On July 3, 2006, the Brenners entered into a written contract with the debtor for the
purchase of plans and materials for a log cabin home. The Brenners made payment in full. After
delivering some of the materials, the debtor filed for bankruptcy on September 19, 2008. On
April 21, 2009, the Brenners moved in bankruptcy court for turnover of the undelivered materials,
or, in the alternative, for a refund of the monies paid for them. Judge Littlefield granted the
Brenners’ motion, holding that under New York law their payment to the debtor was subject to a
statutory trust and not part of the bankruptcy estate. See In re Lincoln Logs Ltd., 2010 WL
322163 (Bankr.
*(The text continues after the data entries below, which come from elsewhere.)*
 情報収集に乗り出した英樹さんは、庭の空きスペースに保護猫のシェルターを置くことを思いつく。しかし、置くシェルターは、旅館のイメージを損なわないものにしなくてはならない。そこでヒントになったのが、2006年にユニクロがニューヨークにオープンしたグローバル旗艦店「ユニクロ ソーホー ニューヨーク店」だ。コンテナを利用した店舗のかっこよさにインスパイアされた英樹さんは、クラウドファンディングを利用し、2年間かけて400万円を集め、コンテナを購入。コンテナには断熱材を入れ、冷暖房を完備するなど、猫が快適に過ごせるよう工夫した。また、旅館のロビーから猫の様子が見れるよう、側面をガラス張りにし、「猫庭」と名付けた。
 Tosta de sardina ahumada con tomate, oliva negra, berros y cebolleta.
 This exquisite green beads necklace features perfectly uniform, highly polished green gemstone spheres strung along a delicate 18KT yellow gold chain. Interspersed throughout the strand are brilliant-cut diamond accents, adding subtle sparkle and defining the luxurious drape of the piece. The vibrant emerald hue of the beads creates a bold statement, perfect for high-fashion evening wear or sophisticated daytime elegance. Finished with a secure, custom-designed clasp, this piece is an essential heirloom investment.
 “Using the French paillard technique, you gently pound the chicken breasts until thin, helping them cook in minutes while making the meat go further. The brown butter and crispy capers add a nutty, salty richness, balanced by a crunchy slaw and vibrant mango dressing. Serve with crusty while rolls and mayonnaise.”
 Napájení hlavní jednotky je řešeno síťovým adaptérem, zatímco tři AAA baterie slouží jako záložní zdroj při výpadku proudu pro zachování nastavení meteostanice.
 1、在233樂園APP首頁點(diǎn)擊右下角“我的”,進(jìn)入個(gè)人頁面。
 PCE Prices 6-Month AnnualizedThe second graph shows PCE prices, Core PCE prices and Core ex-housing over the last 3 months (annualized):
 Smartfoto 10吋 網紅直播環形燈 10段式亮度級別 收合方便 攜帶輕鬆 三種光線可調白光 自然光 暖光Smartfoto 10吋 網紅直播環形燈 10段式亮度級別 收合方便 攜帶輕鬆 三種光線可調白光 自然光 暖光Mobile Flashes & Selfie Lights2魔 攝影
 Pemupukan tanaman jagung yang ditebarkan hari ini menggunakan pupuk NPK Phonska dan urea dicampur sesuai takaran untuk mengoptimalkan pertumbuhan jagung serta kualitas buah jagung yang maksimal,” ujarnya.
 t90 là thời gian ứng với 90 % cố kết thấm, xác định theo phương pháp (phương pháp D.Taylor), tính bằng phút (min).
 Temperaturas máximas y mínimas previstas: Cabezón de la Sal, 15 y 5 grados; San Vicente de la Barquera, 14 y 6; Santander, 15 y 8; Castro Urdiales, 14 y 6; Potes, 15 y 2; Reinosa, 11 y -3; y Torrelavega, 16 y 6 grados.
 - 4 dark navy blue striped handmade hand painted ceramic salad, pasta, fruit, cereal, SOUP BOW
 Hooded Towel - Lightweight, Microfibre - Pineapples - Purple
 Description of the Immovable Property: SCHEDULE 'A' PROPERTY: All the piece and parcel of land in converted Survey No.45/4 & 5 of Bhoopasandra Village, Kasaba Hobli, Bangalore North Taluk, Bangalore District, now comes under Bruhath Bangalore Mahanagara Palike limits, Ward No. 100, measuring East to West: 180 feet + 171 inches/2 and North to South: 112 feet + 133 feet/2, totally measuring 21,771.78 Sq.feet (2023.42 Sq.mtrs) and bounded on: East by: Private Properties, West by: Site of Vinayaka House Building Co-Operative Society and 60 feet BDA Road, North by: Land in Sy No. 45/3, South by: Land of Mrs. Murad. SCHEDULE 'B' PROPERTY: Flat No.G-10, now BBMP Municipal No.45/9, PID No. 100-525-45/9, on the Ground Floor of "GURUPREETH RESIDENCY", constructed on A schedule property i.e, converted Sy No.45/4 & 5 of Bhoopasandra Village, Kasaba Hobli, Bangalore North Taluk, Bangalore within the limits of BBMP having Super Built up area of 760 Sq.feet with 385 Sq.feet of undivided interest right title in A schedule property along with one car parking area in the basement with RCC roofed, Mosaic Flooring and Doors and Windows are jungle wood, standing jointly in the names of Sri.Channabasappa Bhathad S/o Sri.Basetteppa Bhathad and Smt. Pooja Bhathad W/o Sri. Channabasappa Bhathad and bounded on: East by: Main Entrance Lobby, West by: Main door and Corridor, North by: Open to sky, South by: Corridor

N.D.N.Y. Jan. 25, 2010). On appeal by the Trustee and Farm Credit, this Court
reversed and remanded the matter to bankruptcy court. See Liquidation Trustee v. Brenner, 2010
WL 3809282 (N.D.N.Y. Sept. 23, 2010). In remanding, this Court expressly declined to address
the Brenners’ alternative argument for the imposition of a constructive trust, stating that Judge
Littlefield was in the best position to consider the equities of the matter. Id. at 7.
Thereafter, the Trustee and Farm Credit moved before Judge Littlefield for summary
judgment dismissing the Brenners’ constructive trust claim. On February 15, 2011, Judge
Littlefield granted the motion. The Brenners appeal.
Summary judgment is appropriate when there is no genuine issue with regard to any
material fact, and the moving party is entitled to judgment as a matter of law. See Celotex Corp.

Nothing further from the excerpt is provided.